Location
- Herbert Avenue Poole, Dorset, BH12 4HS England 50°44′33″N 1°56′01″W﻿ / ﻿50.7425°N 1.9335°W

Information
- Type: Academy
- Motto: High expectations lead to high achievers
- Established: 1938
- Local authority: Bournemouth, Christchurch and Poole
- Trust: Ambitions Academies Trust
- Department for Education URN: 136206 Tables
- Ofsted: Reports
- Principal: Donald Mustard
- Staff: 130+
- Gender: Co-educational
- Age: 11 to 16
- Enrolment: 791
- Website: www.staldhelms-academy.co.uk

= St Aldhelm's Academy =

St Aldhelm's Academy is a co-educational secondary school serving the Rossmore, Parkstone, Newtown, Wallisdown and Alderney areas of Poole, Dorset, England.

==School history==
The school opened in October 1938 as Kemp-Welch Senior Council School and taught both boys and girls —the boys were housed in the west side of the building, while the girls were housed in the east.
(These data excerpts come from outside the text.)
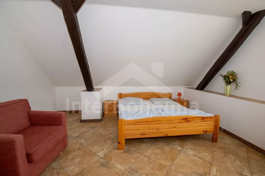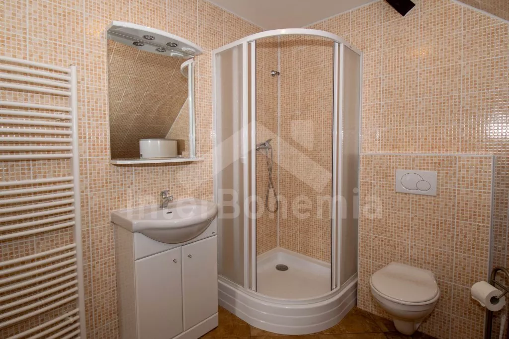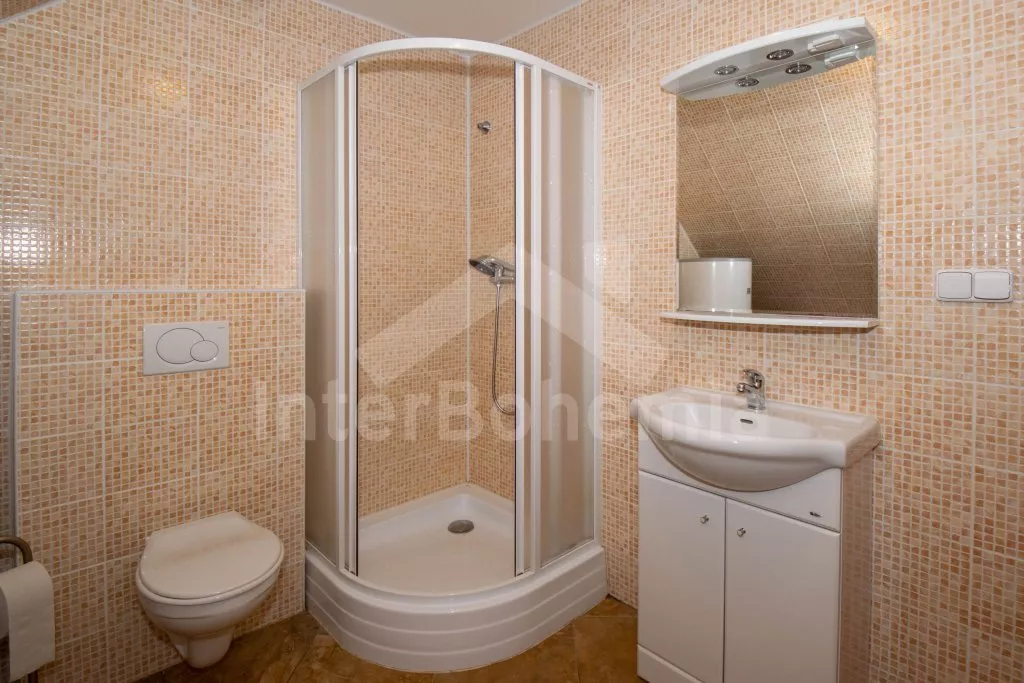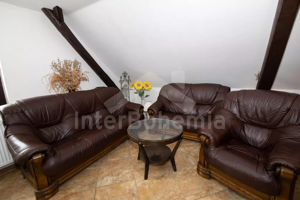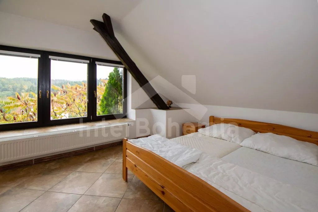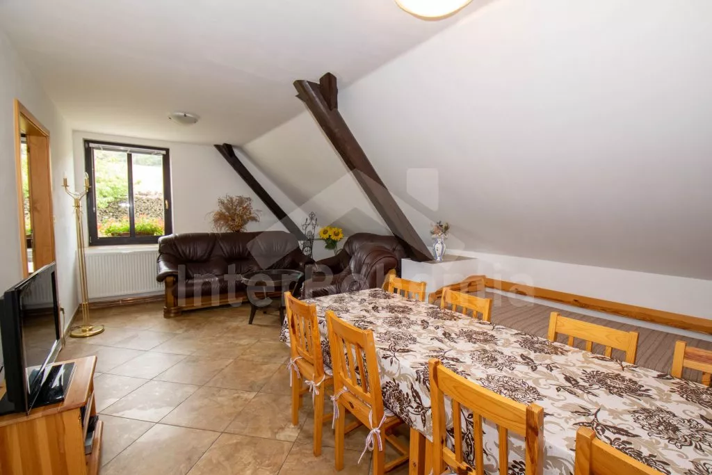 Druhý apartmán: Kuchyně spojena s obývacím pokojem. Kuchyňský kout se sklokeramickou varnou deskou, troubou, mikrovlnnou troubou, lednicí, rychlovarnou konvicí, nádobím a myčkou na nádobí. Jídelní stůl pro 4 osoby, sedací souprava a LCD televize. Ložnice s dvoulůžkem a krásným výhledem do zahrady a na okolní lesy.
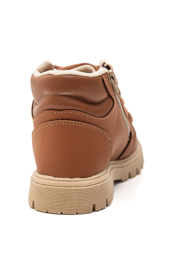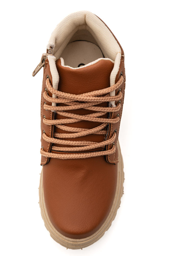 A Bota Coturno Grugui Juvenil Menino 212-294 é confeccionada com cabedal em material sintético resistente que proporciona durabilidade e proteção para o uso diário. O revestimento interno em material têxtil acolchoado oferece conforto e bem estar durante todo o dia. O cano possui estrutura firme de altura média, com aproximadamente 11 cm de altura e cerca de 26 cm de circunferência, garantindo bom suporte ao tornozelo e estabilidade ao caminhar. A palmilha em EVA macio contribui para uma pisada mais confortável e pode ser removida para facilitar a higienização. O bico possui formato arredondado que favorece o ajuste natural dos pés. O fechamento é realizado por cadarço frontal aliado a zíper lateral que facilita o calce. O solado em borracha micro expandida antiderrapante apresenta base tratorada que melhora a tração. A base possui elevação aproximada de 3 cm que contribui para firmeza e estabilidade. O acabamento reforçado valoriza a resistência e a durabilidade do modelo.
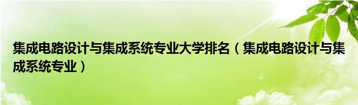 大家好,小晋来为大家解答以下问题,关于集成电路设计与集成系统专业大学排名,集成电路设计与集成系统专业很多人还不知道,今天让我们一起来看看吧!
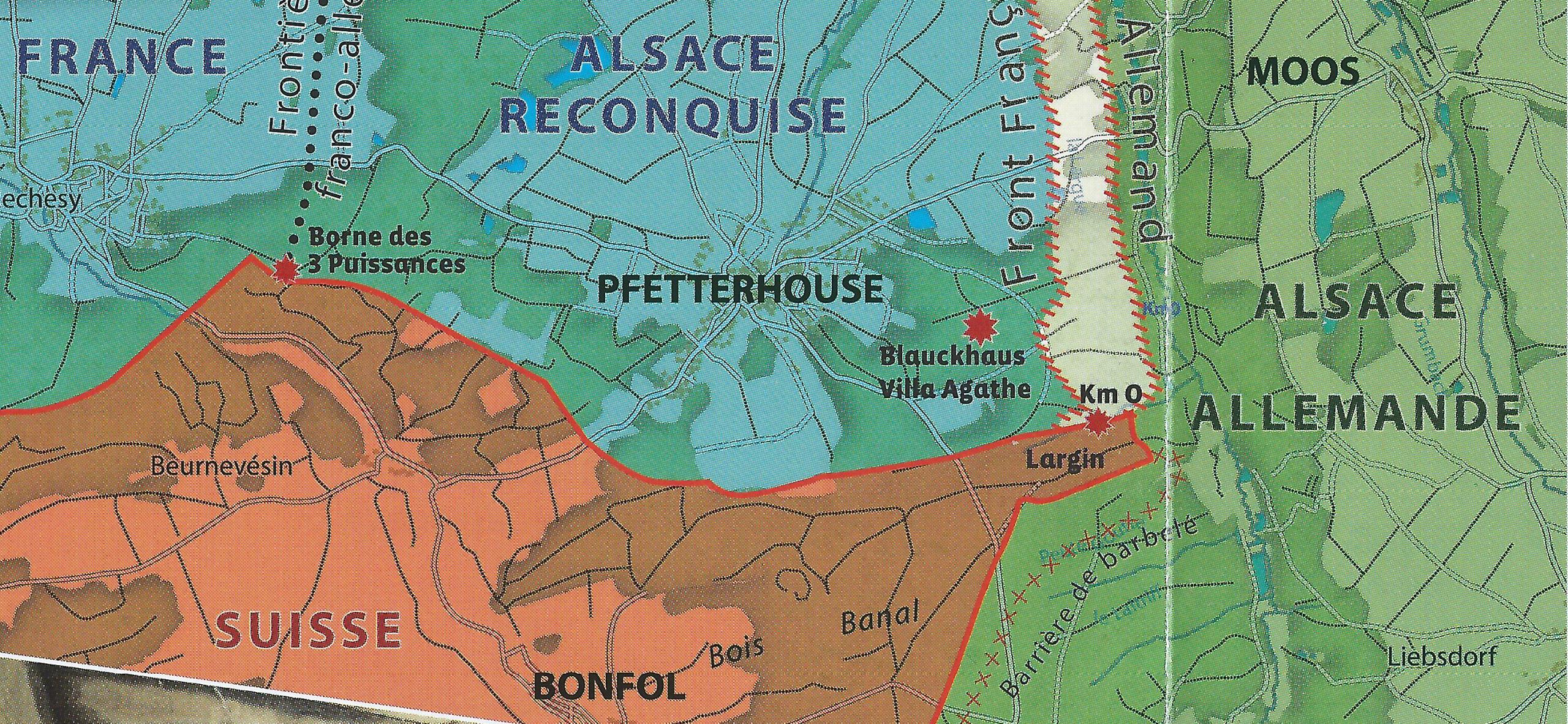 (フランス側のコンクリート製軍用建築物は、たった1つ。カムフラージュのために「ヴィラ・アガット(Villa Agathe)」と、いかにも邸宅風に呼んだ1918年建造の小要塞が現存する。上記地図を参照のこと)
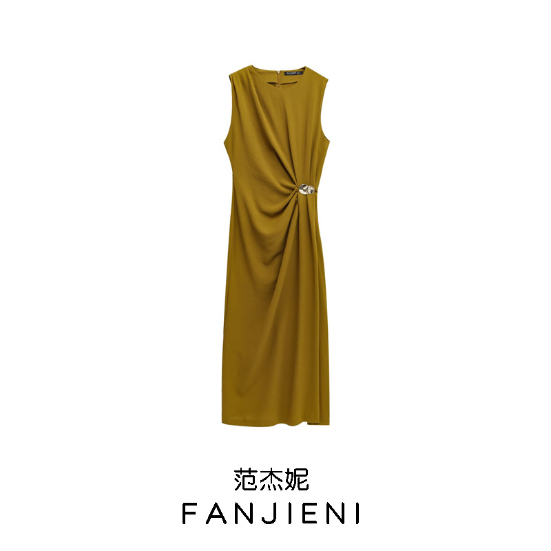 ZR外国貿易卸売り欧米風女装新型しわ飾り気質丸首袖なし迷笛ワンピース5029067
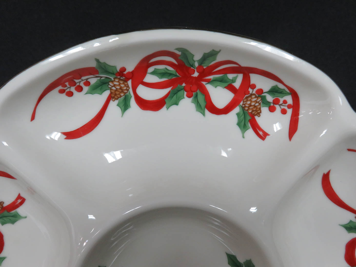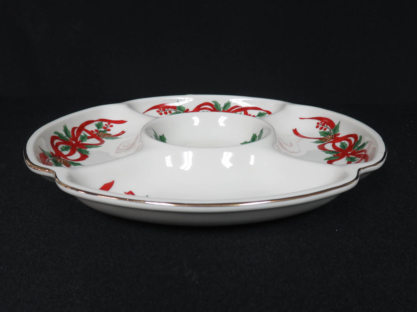 White with red ribbons and holly, gold rim, 5 sections.
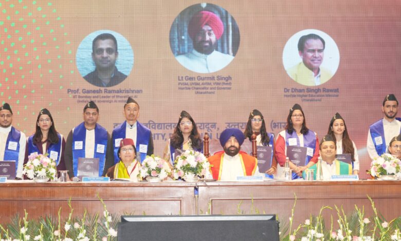 विश्वविद्यालय द्वारा इस वर्ष दीक्षांत समारोह की विषयवस्तु को कृत्रिम बुद्धिमत्ता (एआई) पर केंद्रित किया गया, जिस पर प्रकाश डालते हुए राज्यपाल ने तकनीक और विशेष रूप से आर्टिफिशियल इंटेलिजेंस के संदर्भ में कहा कि वर्तमान समय का यह एक सशक्त माध्यम है, जो शिक्षा, अनुसंधान और कार्यशैली को नई दिशा दे रहा है। अपने सम्बोधन में राज्यपाल ने दीक्षांत समारोह के मुख्य वक्ता एवं आईआईटी बॉम्बे के प्रोफेसर गणेश रामकृष्णन द्वारा ‘ठींतंजळमद’ जैसी स्वदेशी एआई पहल का उल्लेख करते हुए कहा कि भारतीय भाषाओं और संस्कृति के अनुरूप तकनीकी समाधान विकसित करने से तकनीक वास्तव में जन-जन तक पहुँचती है। राज्यपाल ने दून विश्वविद्यालय सहित देश की अमृत पीढ़ी के युवाओं से आह्वान किया कि वे एआई का नैतिक, मानवीय और समाजोपयोगी उपयोग करते हुए उत्तराखण्ड की भौगोलिक चुनौतियों और स्थानीय समस्याओं के समाधान हेतु नवाचार-आधारित कार्य करें। इस अवसर पर राज्यपाल ने कहा कि विकसित भारत /2047 का लक्ष्य केवल आर्थिक प्रगति नहीं, बल्कि सामाजिक न्याय, सांस्कृतिक गौरव और मानवीय मूल्यों से युक्त राष्ट्र-निर्माण का संकल्प है, जिसमें युवाओं की भूमिका निर्णायक होगी। उन्होंने राष्ट्रीय शिक्षा नीति-2020 को दूरदर्शी पहल बताते हुए कहा कि इसका उद्देश्य ‘जॉब सीकर’ नहीं, बल्कि ‘जॉब क्रिएटर’ तैयार करना है, और दून विश्वविद्यालय इस दिशा में सार्थक प्रयास कर रहा है। उत्तराखण्ड की भौगोलिक चुनौतियों का उल्लेख करते हुए राज्यपाल ने कहा कि पलायन और आपदा-संवेदनशीलता जैसी समस्याओं का समाधान स्थानीय नवाचार, स्वरोजगार और सतत विकास में निहित है। उन्होंने छात्राओं की बड़ी भागीदारी पर विशेष प्रसन्नता व्यक्त करते हुए कहा कि महिलाओं की प्रगति ही राज्य की वास्तविक प्रगति है। राज्यपाल ने शिक्षा के वास्तविक उद्देश्य पर प्रकाश डालते हुए कहा कि शिक्षा केवल सूचना देने का माध्यम नहीं, बल्कि चरित्र निर्माण की प्रक्रिया है। उन्होंने सत्य, ईमानदारी, अनुशासन और परोपकार को जीवन की सफलता के मूल स्तंभ बताते हुए विद्यार्थियों से आह्वान किया कि वे किसी भी प्रकार के दुर्व्यसन, नशे या डिजिटल लत से स्वयं को दूर रखें और ‘राष्ट्र प्रथम’ की भावना को अपने जीवन का मार्गदर्शक सिद्धांत बनाएं। राज्यपाल ने विद्यार्थियों को अपनी जड़ों से जुड़े रहने, समाज के कमजोर वर्गों के सशक्तीकरण के लिए कार्य करने और राष्ट्रहित को सर्वोपरि रखने का संदेश दिया। उन्होंने विश्वास व्यक्त किया कि दून विश्वविद्यालय के स्नातक जहाँ भी जाएंगे, राज्य और राष्ट्र के सच्चे दूत बनकर भारत का मान बढ़ाएंगे।
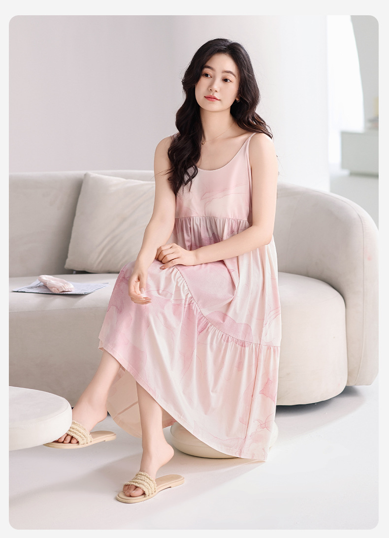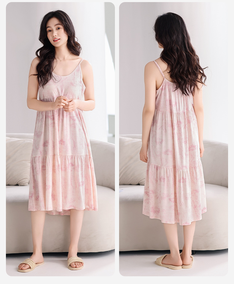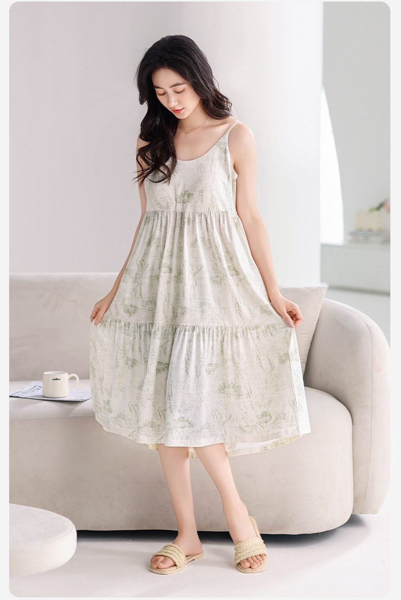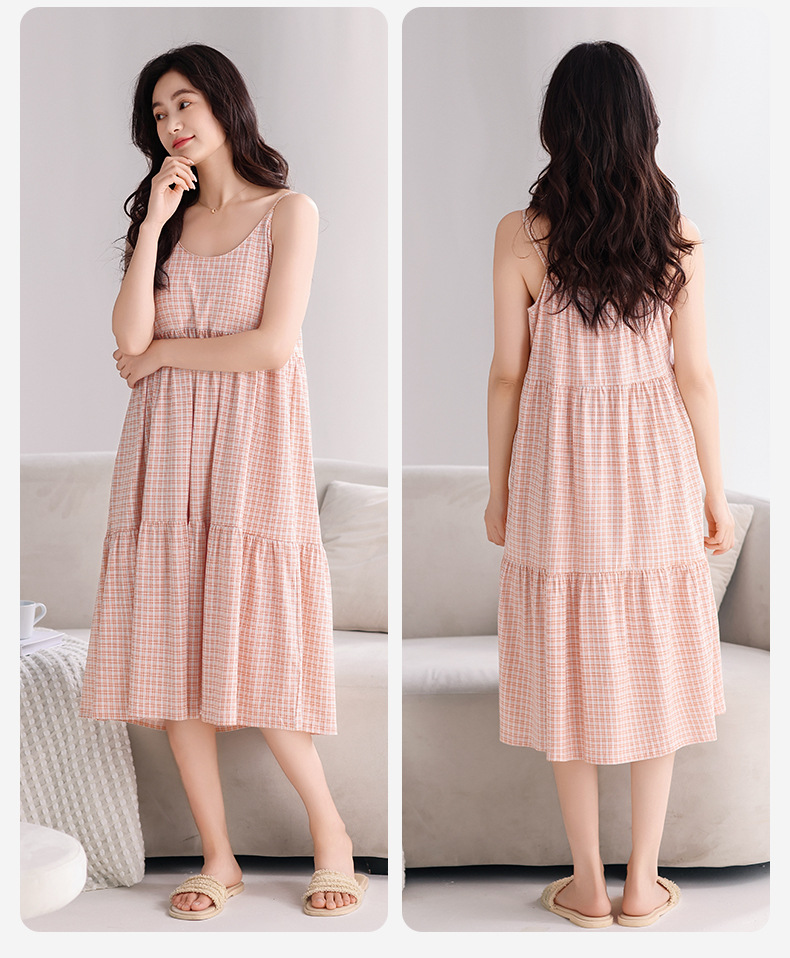 여자 슬링 나이트가운 여름 코튼 섹시한 여름 가슴 패드 2025 새로운 안티 오목한 파자마 홈 의류스토어 가기

This was typical for a school of its time. There was a 'quad' in the middle of the school which divided the two schools.

The school became a secondary modern after the Second World War and expanded rapidly in 1963 to house 600 students in both schools. An East Block was built onto the girls' school, housing additional classrooms, art rooms and a music room. The West Block was built across the boys' playground and housed classrooms, science labs and the boys' music room. Prior to this, new workshops and kitchens had been built. The boys' gym was built onto the rear of the boys' half of the main block (now the technology block) and the girls' gym was built on the school field and is now part of the leisure centre.

In 1974 the two schools merged to form one large school and the age was changed from 11–16 to 12–16. Not a great deal changed at the school over the next 15 years and the school fell into a state of disrepair. Pupil numbers dropped in the 1980s and 1990s leaving the school with empty classrooms. The leisure centre first opened onto the former girls' gym in 1992 and the second phase opened in 1998. In 1994 the school opened its sixth form. Despite this, the school was being seen as a 'rough school' with many parents in the local area sending their children to other schools. In 1999 only half of the children from Branksome Heath Middle School (largest in catchment) went to Kemp-Welch with the remainder going to either Poole or Parkstone Grammar School, Poole High or St Edwards Schools.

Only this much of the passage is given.